Karyotype and karyogram
Chromosomes contain genetic substance of an organism. In human somatic cells there are 46 chromosomes or 23 pairs, 22 homologous pairs are classified as autosomes or somatic cell chromosomes and 1 pair as sex chromosomes or gonosom.  Sex chromosomes differ in men and women:  XX for women and XY for men.
The term karyotype represents chromosomal complement of an individual, and is different than the term karyogram. Karyogram is the way in which we present karyotype or a chromosomal set of a single cell.

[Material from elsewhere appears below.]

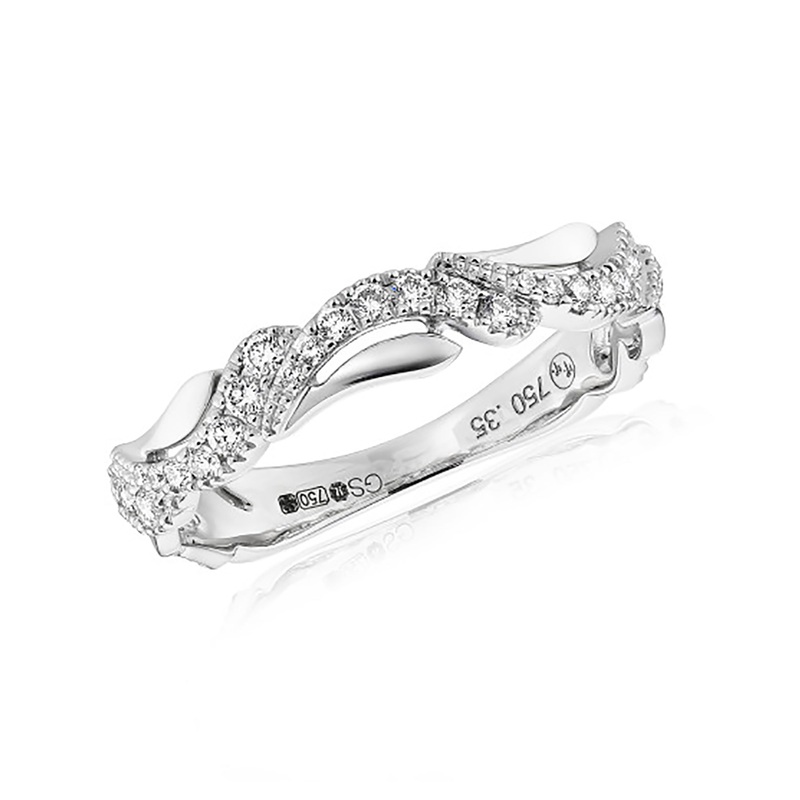 Make every gesture radiant with this captivating diamond ring. The intricate leaf twine with diamonds catch the light beautifully, making it an ideal accessory for both everyday chic and special occasions. Size N. Metal Weight: 2.6g Diamond Weight: 0.35ct
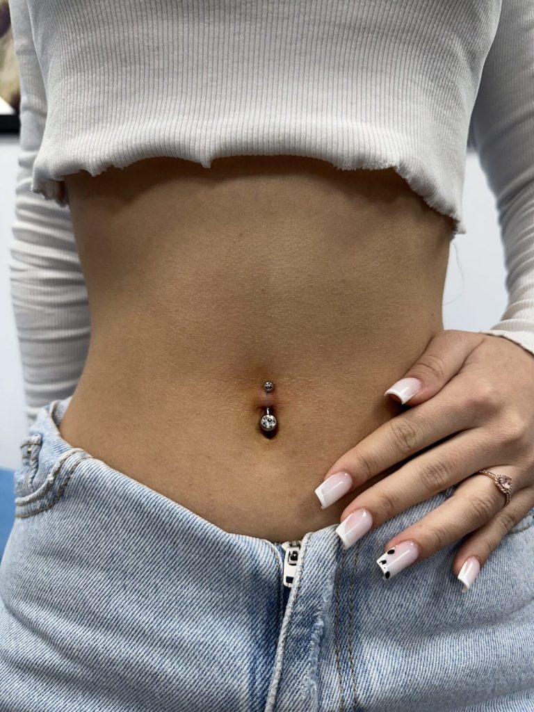 - Aspect Elegant și Versatil: Piercingul buric oferă un detaliu elegant și atrăgător care poate fi accentuat cu o varietate de bijuterii, inclusiv barbell-uri, bijuterii cu cristale sau bijuterii cu pandantive. Este perfect pentru a adăuga un plus de stil și personalitate, fie că alegi o bijuterie discretă sau una mai îndrăzneață.

Basic chromosome analysis (karyogram) is consisted of a series of laboratory techniques. Cells of interest (lymphocytes, fibroblasts) are being cultivated, which is followed by series of cells treatment steps needed to prepare chromosomal spreads which are then stained and observed under the light microscope. The main goal of this analysis is to determine the number of chromosomes and analyze their structure and to classify chromosomes according to internationally accepted classification of chromosomes.